- Recorded data
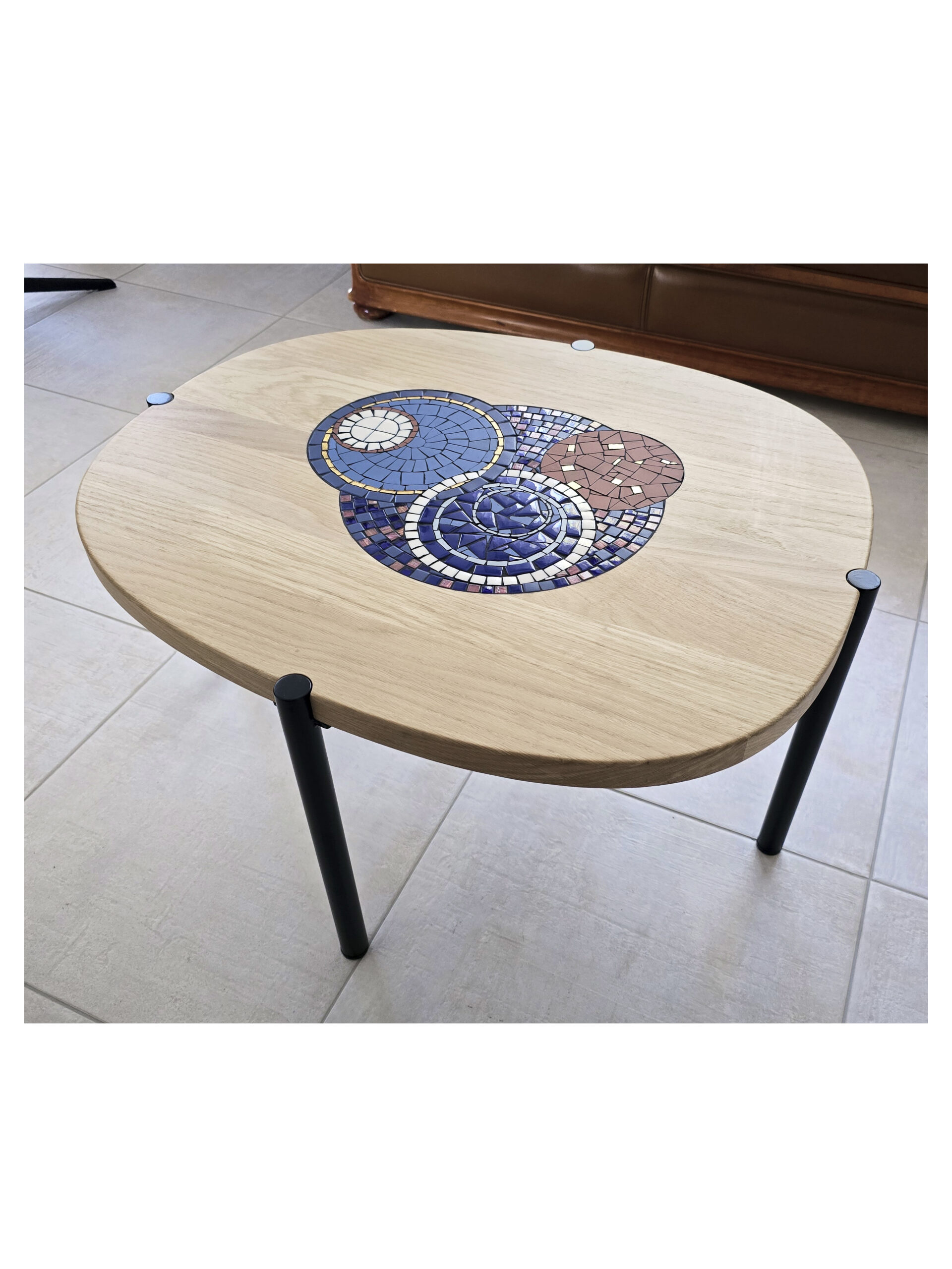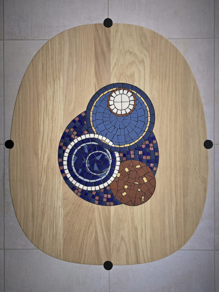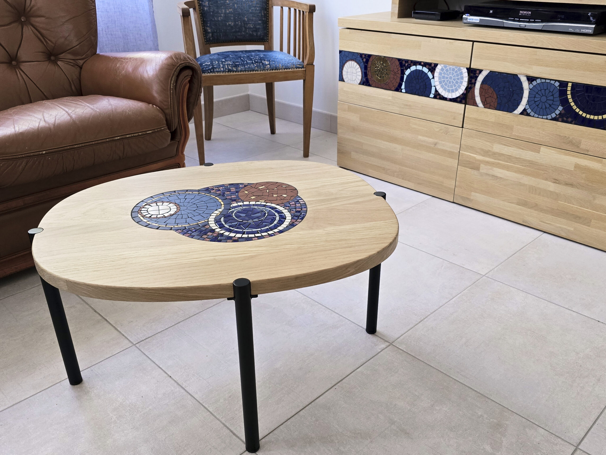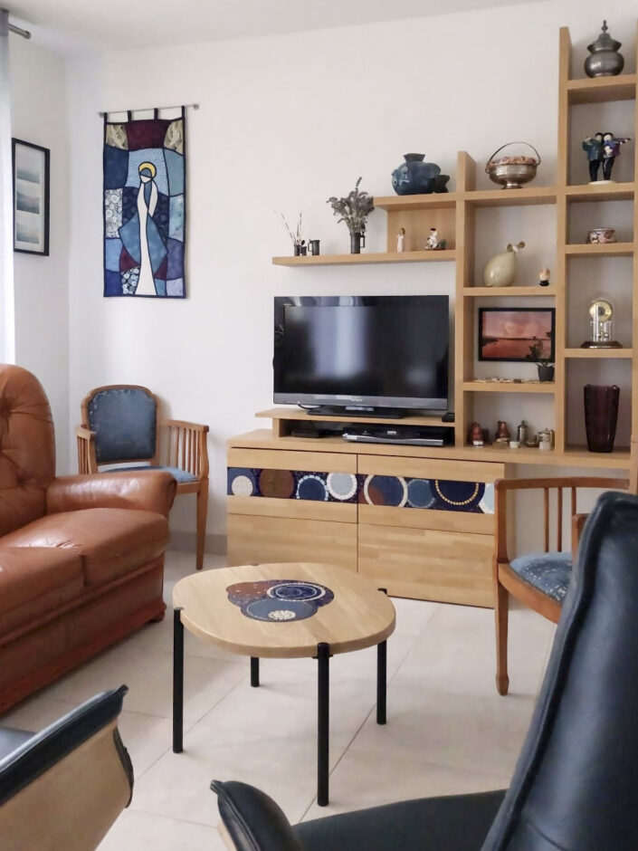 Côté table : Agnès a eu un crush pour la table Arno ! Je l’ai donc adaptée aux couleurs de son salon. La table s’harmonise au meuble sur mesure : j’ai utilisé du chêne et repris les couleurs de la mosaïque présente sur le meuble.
* * *
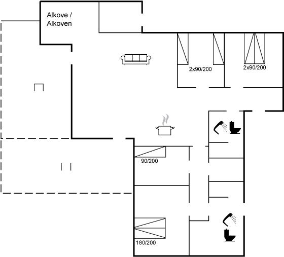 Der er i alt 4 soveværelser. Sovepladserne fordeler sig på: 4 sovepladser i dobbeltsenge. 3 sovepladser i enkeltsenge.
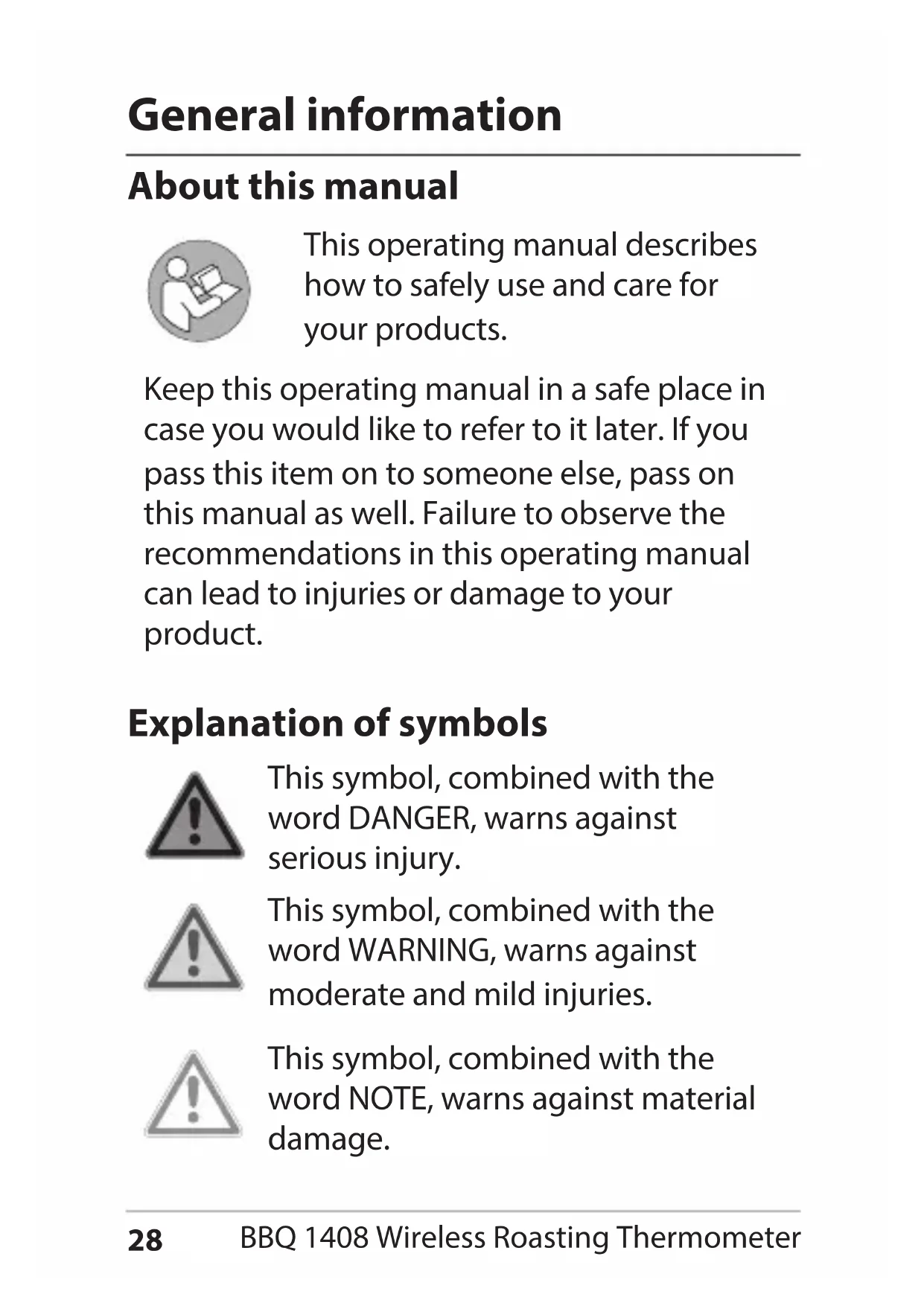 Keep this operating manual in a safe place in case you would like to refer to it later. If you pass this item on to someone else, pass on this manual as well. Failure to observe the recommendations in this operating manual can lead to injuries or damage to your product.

- What to produce
Start at the line containing "Der er i alt" above and stop at the line containing "Keep this operating". Output those lines exactly, both included, but none of the pictures.

- Answer to this problem
 Der er i alt 4 soveværelser. Sovepladserne fordeler sig på: 4 sovepladser i dobbeltsenge. 3 sovepladser i enkeltsenge.
 Keep this operating manual in a safe place in case you would like to refer to it later. If you pass this item on to someone else, pass on this manual as well. Failure to observe the recommendations in this operating manual can lead to injuries or damage to your product.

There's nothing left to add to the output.